## Task brief
When the line containing "Ein kleines feines" is found in the data below, give it again along with every later line, exactly; drop the pictures.

[[ Given information, beginning ]]

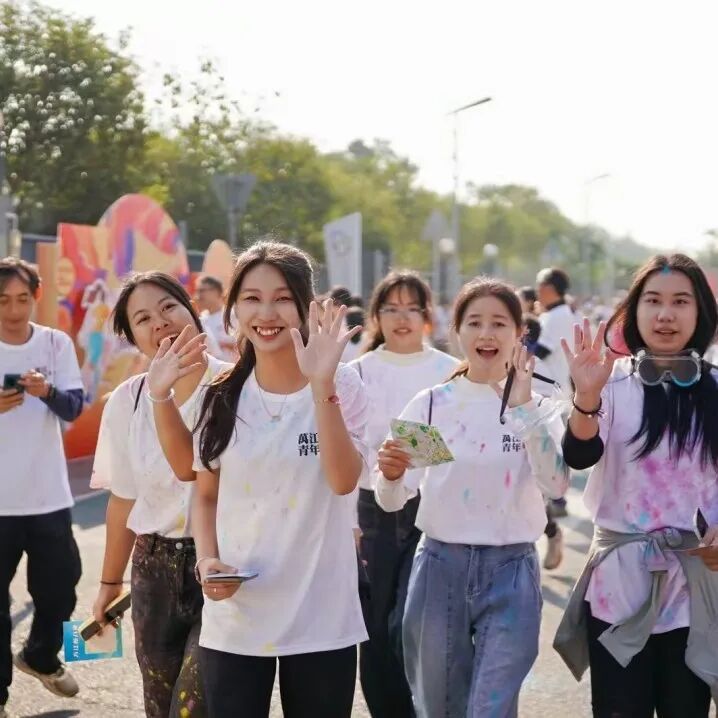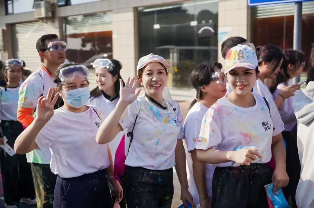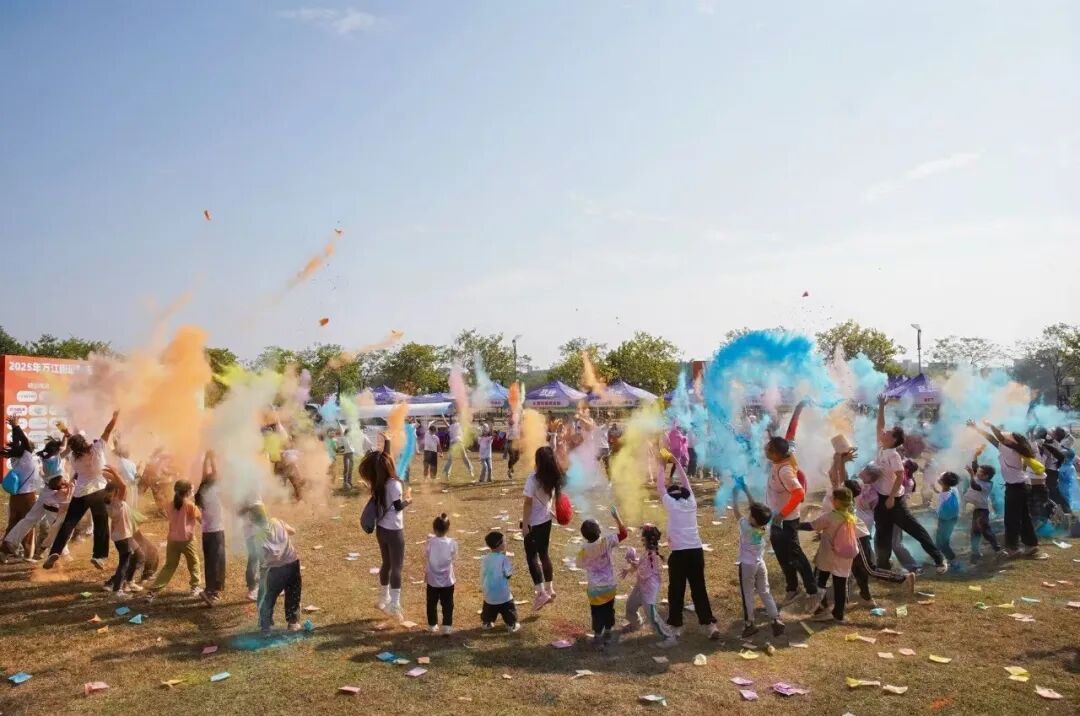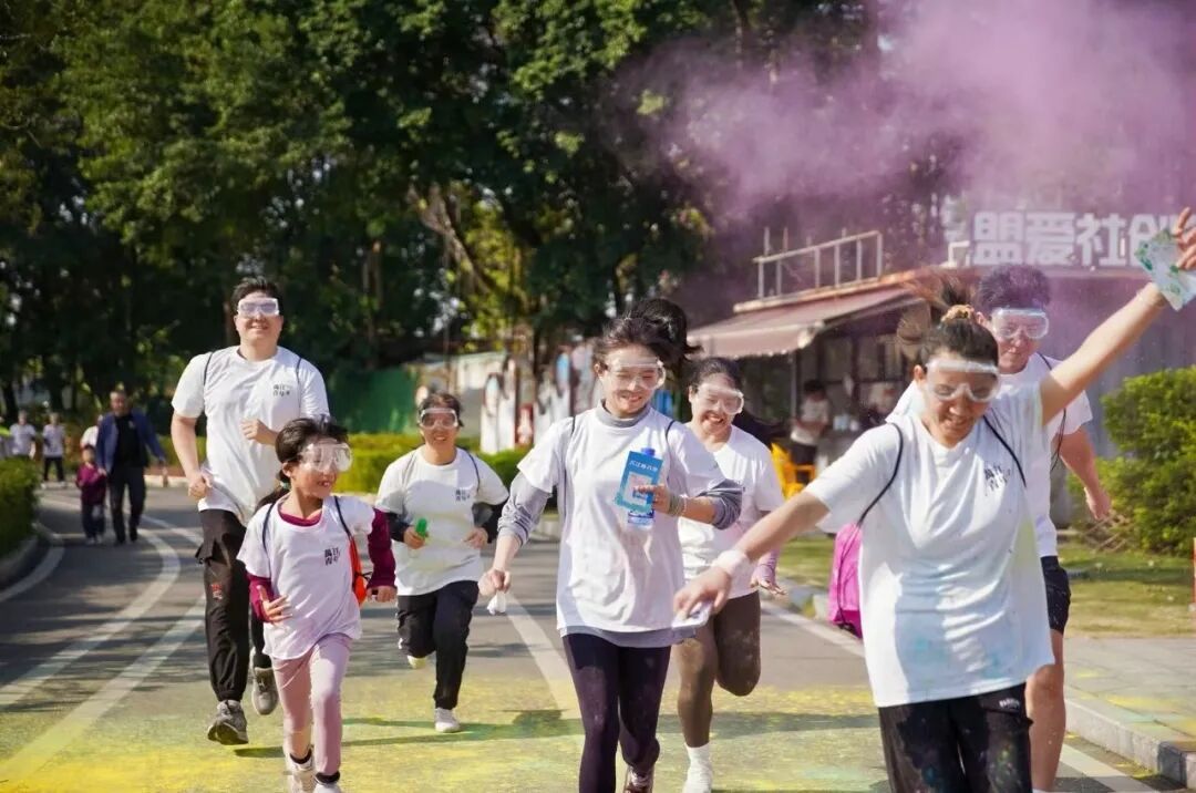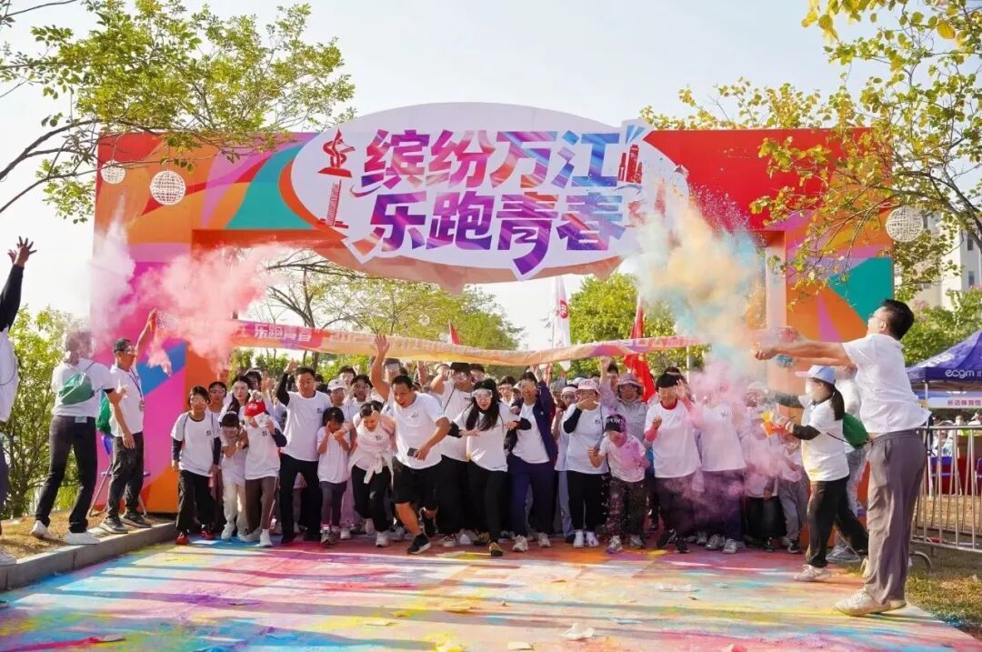 随着清脆的笛音响起,6公里公益乐跑拉开帷幕。跑友们身着统一服装,从滘联社区起龙广场出发,经过万江儿童公园、正丫湾河堤等打卡点,在清新空气与自然美景中尽情奔跑,不时与沿途村民挥手致意。在彩粉投掷点,五彩粉末随风扬起,落在跑友们的衣衫与脸庞上,欢呼声、呐喊声此起彼伏。
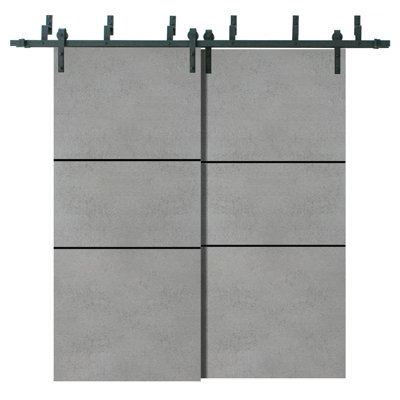 Solid Manufactured Wood Paneled Wood Finish Barn DoorSET INCLUDES: 2 Door Slabs 2 steel rails 6.6FT each Hangers with wheels Door Stops Floor Guide Brackets Anti-Jump pins Installation Manual Screws for hardware Doors are not pre-drilled! It is not recommended to paint.Thickness of the door slab is 40 mm or 1 9/16".Introducing the Modern Barn Bypass Doors from the PlanumSARTODOORS
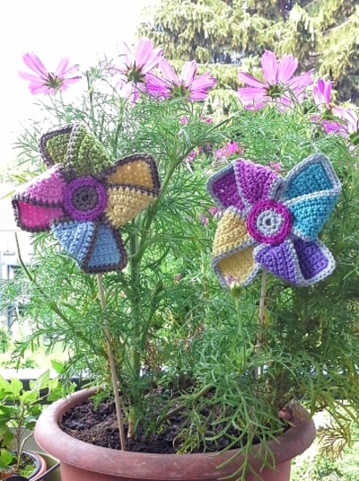Ein kleines feines Windrad schmückt jeden Blumentopf.
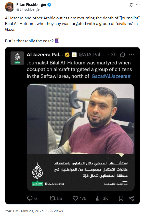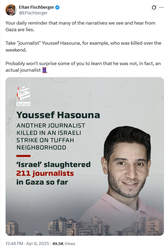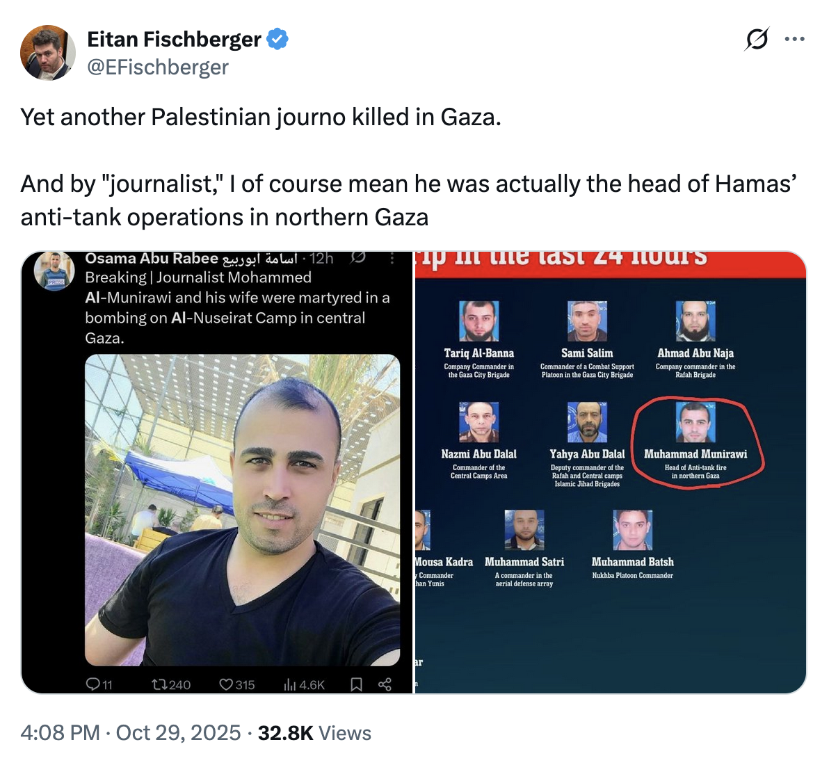 Incitement #86Yet another Palestinian journo killed in Gaza. And by "journalist," I of course mean he was actually the head of Hamas’ anti-tank operations in northern Gaza

[[ Given information, end ]]

## Solution below
Ein kleines feines Windrad schmückt jeden Blumentopf.
 Incitement #86Yet another Palestinian journo killed in Gaza. And by "journalist," I of course mean he was actually the head of Hamas’ anti-tank operations in northern Gaza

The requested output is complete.